Falkland Islands
- Nickname: Stanley / The Warrahs
- Association: Falkland Islands Football League
- Head coach: Daniel Biggs
- FIFA code: FIS
| First colours | Second colours |

First international
- Isle of Man 9–1 Falkland Islands (Douglas, Isle of Man; 8 July 2001)

Biggest win
- Falkland Islands 6–0 Frøya (Hamilton, Bermuda; 18 July 2013)

Biggest defeat
- Guernsey 12–0 Falkland Islands (Douglas, Isle of Man; 9 July 2001)

Island Games
- Appearances: 8 (first in 2001)
- Best result: Third place (2013)

= Falkland Islands national football team =

The Falkland Islands national football team is a representative football team of the Falkland Islands, organised by the Falkland Islands Football League. The Falkland Islands Football League does not belong to CONMEBOL, as its member countries support Argentina in the sovereignty conflict, and therefore neither can it be a member of FIFA. Thus, the team is not eligible to play in official competitions such as the World Cup and the Copa América. The team has played in the Island Games in 2001, 2005, 2009, 2011, 2013, 2015, 2017 and 2023. In 2013 the team enjoyed a record win and a 3rd place medal.

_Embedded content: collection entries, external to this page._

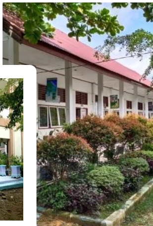
PROTOKOL KESEHATAN SARANA DAN PRASARANA SEKOLAH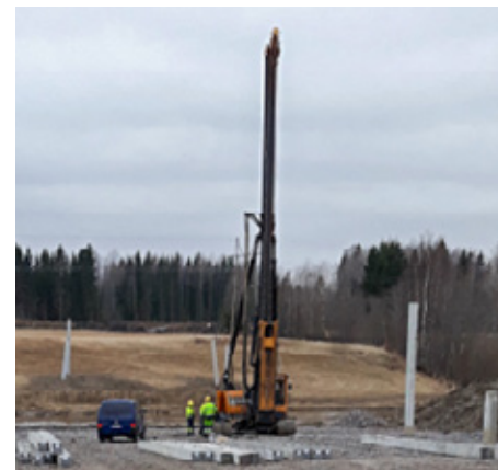
Kuvassa paalutustyöt ovat alkamassa Okeroisissa.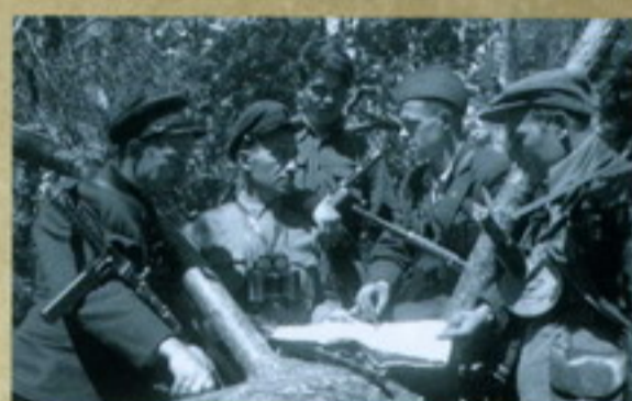
Командир Псковской партизанской бригады М.И. Дроздов с командой в лесу. Партизанский лагерь в оккупированной Беларуси. 1943 г.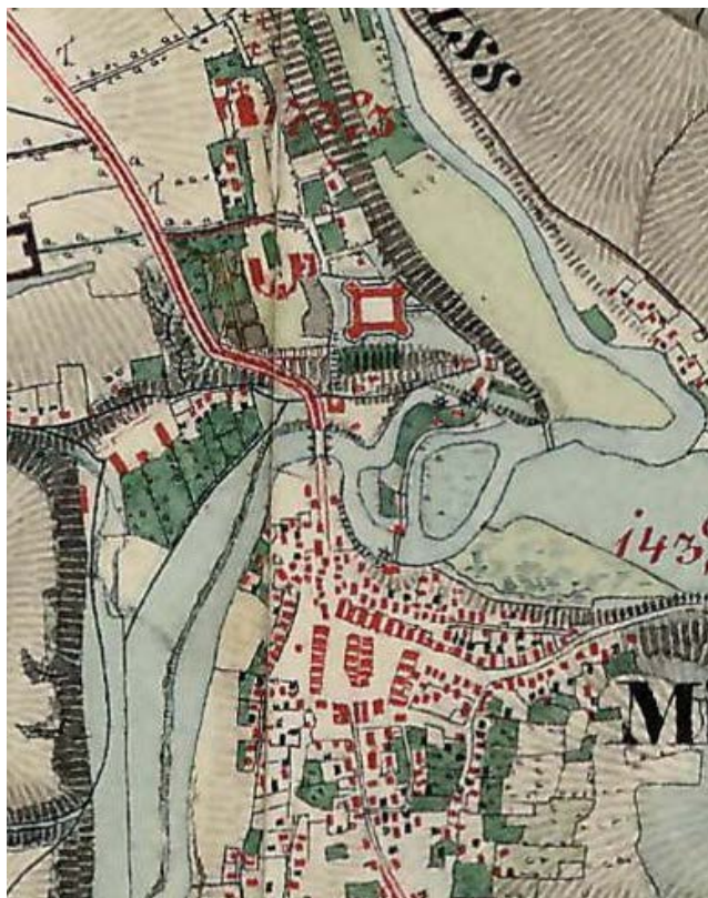
Ryc. 1. Mikulińce. Mapa historyczna (1806 – 1869 r.). Fragment [8].

Miasteczko Mikulińce powstało na bardzo malowniczych terenach Podola. Przyczyniła się do tego bliskość rzeki Siret i sąsiednich wzgórz, kiedyś ukrytych w lasach (Rys. 1). W pobliżu Mikulińce przechodziła jedna z głównych dróg tatarskich. Dlatego nie jest dziwne, że na północ od wsi na przylądku, otoczonym półkolem rzeki, w połowie XVI wieku Anna z Siniawskich, żona W.S. Jordana, kasztelana krakowskiego, wybudowała zamek warowny [1, s. 116]. To dzięki Annie Sinjawskiej Mikulińce w 1595 roku, zgodnie z przywilejem króla Zygmunta III otrzymały status miasta, i to przyczyniło się do jego aktywnego rozwoju społecznego i gospodarczego.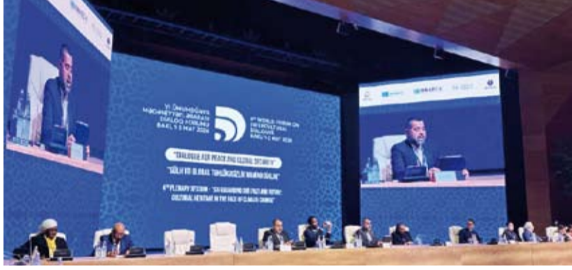
مندوب الكويت الدائم بـ«يونيسكو» السفير د.آدم الملا متحدثاً

وتحديث وثيقة سياسة بشأن دمج اعتبارات تغير المناخ في ممارسات الحفاظ على التراث. وكأنت (الوثيقة السياسية المحدثة بشأن العمل المناخي للتراث العالمي) اعتمدت بعد مناقشات متعمقة وتوصية الدول الأعضاء في عام 2023. وأشار السفير الملا في مداخلة إلى البعد العالمي، موضحاً أن مواجهة تغير المناخ يتطلب عملاً متعدد الأبعاد وتعاوناً متعدد الأطراف، فيما أكد أن هذا يستدعي مشاركة (يونيسكو) الدول الأعضاء مع أصحاب المصلحة الدوليين. كما دعا إلى تعاون «فعلي وعميق» مع قطاعات التعليم والثقافة والعلوم الاجتماعية والإنسانية لليونسكو عبر برامج وممارسات جديدة وتعبئة الموارد. وأعرب عن أمه في أن يشكل هذا الحوار بذرة لتعزير العمل على المستوى العالمي في الحفاظ على التراث في مواجهة تغير المناخ.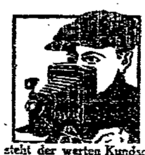
Foto-Liebhaber! Hiermit zeige ich ergebenst an, daß ich meinem Droger- Farben- und Parfümerie- Geschäft eine Abteilung für fotografische Bedarfsartikel angegliedert habe. — Eine geräumige Dunkelkammer steht der werten Kundschaft jederzeit zur Verfügung, auch werden sämtliche Foto-Arbeiten (Entwickeln, Kopieren usw.) prompt und sauber ausgeführt.

Meine Schlager Tagal Pizot M. 7.00 Tagal Pizot M. 6.75 Kitt-Kreischmied Wallstraße 7, an der Graupenstraße. Chausseur Stück 0.99, 1.50 Unverfälschte billigst und rasch schwarz innerhalb 24 Stunden.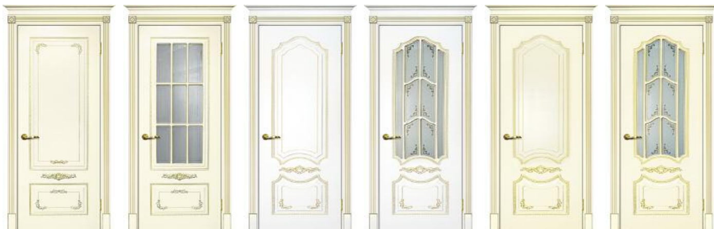
Смальта 09 Слоновая кость патина золото Смальта 09 Слоновая кость патина золото Смальта 10 Белый патина золото Смальта 10 Белый патина золото Смальта 10 Слоновая кость патина золото Смальта 10 Слоновая кость патина золото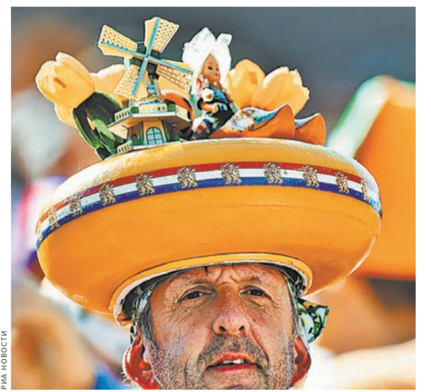
Голландцы не боятся насекомых-вредителей в цветах и украшают ими шляпы, но для россиянина это чревато аллергией.

Заменить голландские цветы российскими можно за пять месяцев — подробнее читайте на сайте www.rg.ru/art/1151449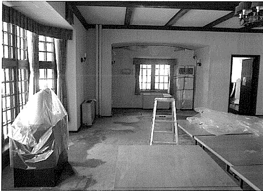
知事公館 1階 食堂 (令和3年1月6日撮影)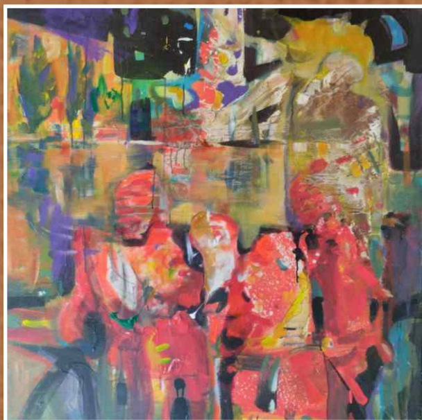
Акрил/уље на платну 100x100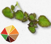
Hippo Tops Pittige waterkers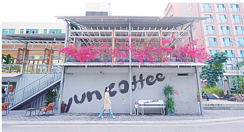
极具格调的DCC文化创意园。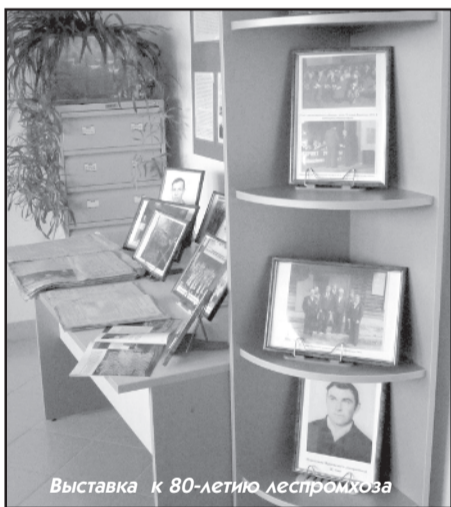
Выставка к 80-летию леспромхоза

операторы валочных машин, трактористы по вывозке хлыстов на трелев-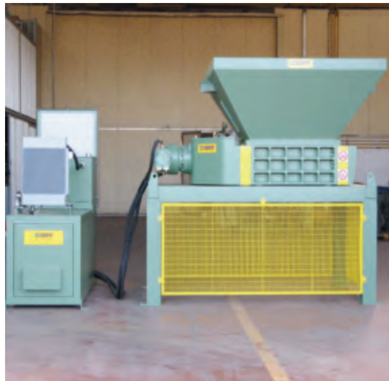
Измельчитель мод. TR 50 Shredder mod. TR 50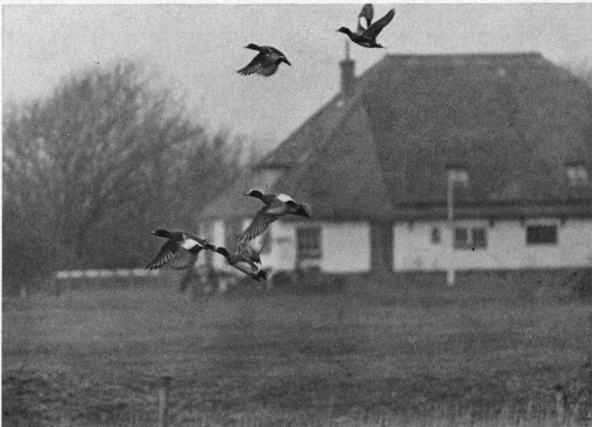
De silhouetten van de Smienten tegen het door de rietkragen, in vakken verdeelde, water doen zeer sfeervol aan ...

Vanaf 1967 heb ik zo rond de Kerst enige dagen doorgebracht op Texel en als ik de vogelwaarnemingen van nu vergelijk met die van voorgaande jaren valt de grote overeenkomst hier tussen op en ook het feit dat Texel een belangrijke plaats inneemt als overwinteringsplaats voor vogels. Zodra je de hoofdweg van het eiland oprijdt zie je in de weilanden achter de typische tuinwallen Kieviten en Wulpen, vaak met groepen Goudplevieren, terwijl een groot aantal Kramsvogels er aan het foerageren is. Van de hoofdweg slaan we rechtsaf richting Oudeschild en het moet raar gaan als uit de sloot niet een verontwaardigd schreeuwende Tureluur opvliegt om wippend op z'n tenen verderop naar de indringer te gaan staan schelden. Via Oudeschild direkt rechts af. Langs de elektrische centrale met ontziltingsinstallatie naar Dijkmanshuizen. Hier liggen de bekende plasjes, waarin tal van eenden en andere vogels zitten. We telden er dit jaar 300 Smienten, 35 Wintertalingen, 6 Slobeenden, 12 Steenlopers, 9 Kluten, 5 Zwarte Ruiters, 25 Tureluurs, 10 Bonte Strandlopers, 1 Rosse Grutto, 1 Oeverpieper, 1 Nonnetje en tot mijn verrassing ook een Lepeelaar, die zigzaggend zijn reusachtige snep door het water haalde. Laten we niet vergeten zo nu en dan even een blik te werpen over de dijk op het wad waar vaak Eiders en allerlei andere eenden liggen. Dan gaan we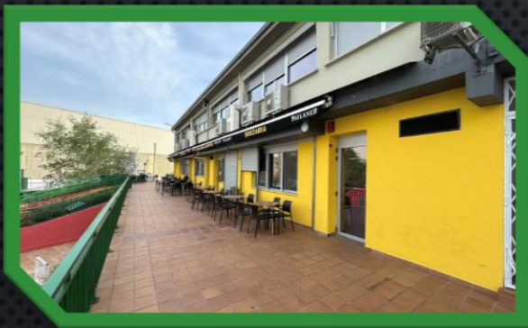
Oscar's My way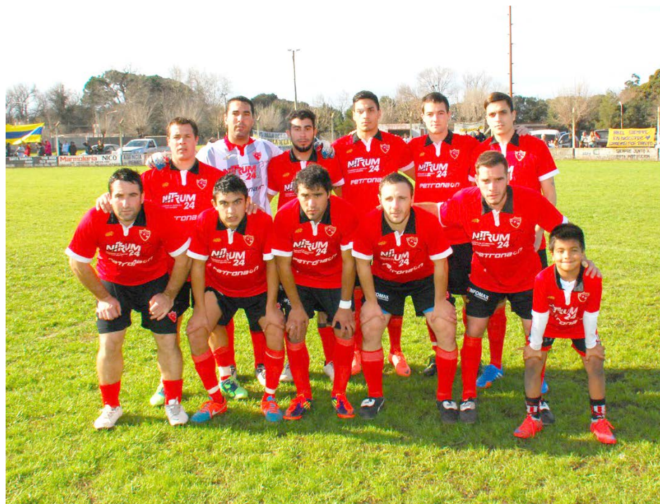
Equipo de Naón.

La tercera fecha del Ascenso 2015 se jugará repartida. Tres partidos irán el sábado y uno el día domingo, siempre en el horario de las 15,30 hs. El día sábado, en la localidad de El Provincial, 18 de Octubre recibirá a Defensores de la Boca; mientras que en su pueblo, Atl. Patricios hará lo propio ante Atl. Naón; en tanto que 12 de Octubre recibirá a Defensores de Sarmiento. Finalmente, luego de una goleada ante Atlético Patricios, el domingo, El Fortín recibirá a Compañía Gral. Buenos Aires.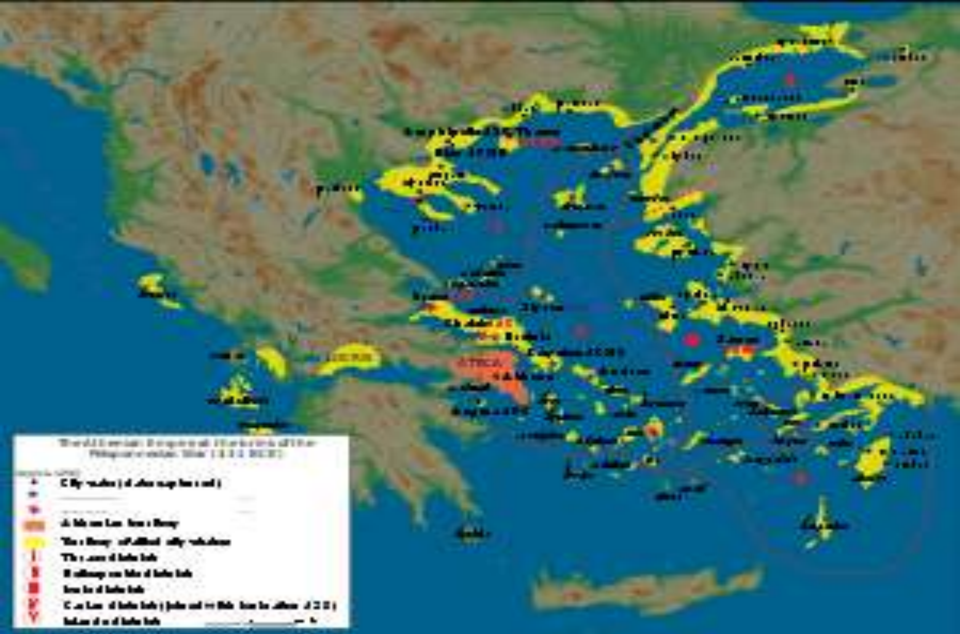
Liga Delos ("Kekaisaran Athena"), sebelum Perang Peloponnesos pada 431 SM.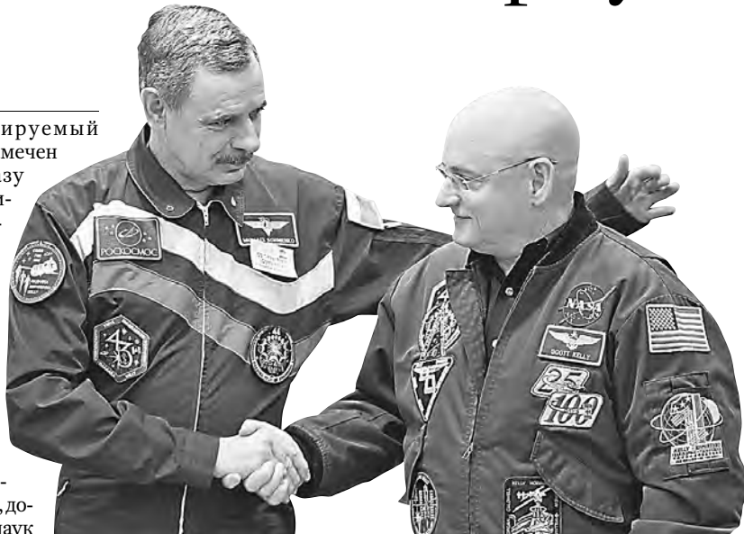
Михаил Корниенко и Скотт Келли будут жить и работать в невесомости целый год.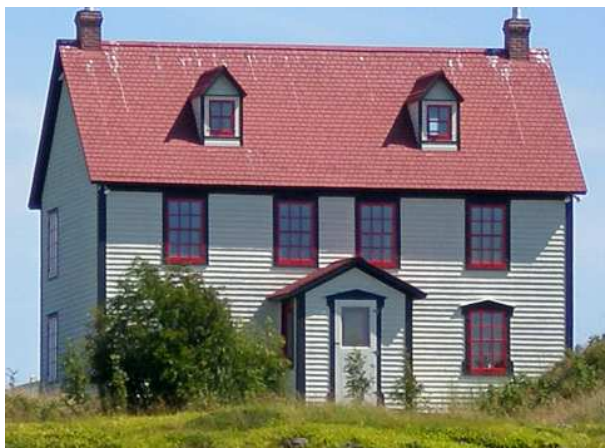
Celle-ci a besoin de peinture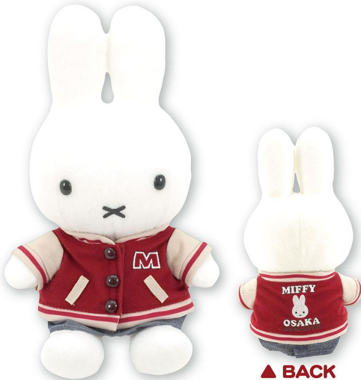
アメカジ ミッフィーぬいぐるみ 4,000円(税抜)

After two years with no League football it was decided that the Falkland Islands Football League (FIFL) would be completely revamped, a Constitution was drawn up and Committee members were put forward and accepted. After the Constitution was passed by interested players, a new league was organised with four teams, with players being picked by each of the team's captains. On 9 November the opening league fixtures were played.

At the same time, the Falkland Islands National team appointed manager Jimmy Curtis to lead the team at the 2009 Island Games in Åland. A squad of over 23 players was picked and training began in September 2008. The long distance needed to travel, the expensive cost to travel on RAF and LAN flights and the need to take between 16–18 players usually prevents the Football team from attending the Island Games more often than every four years. Due to the remoteness of the islands and the small population, the Stanley team can only play military teams or visiting warships.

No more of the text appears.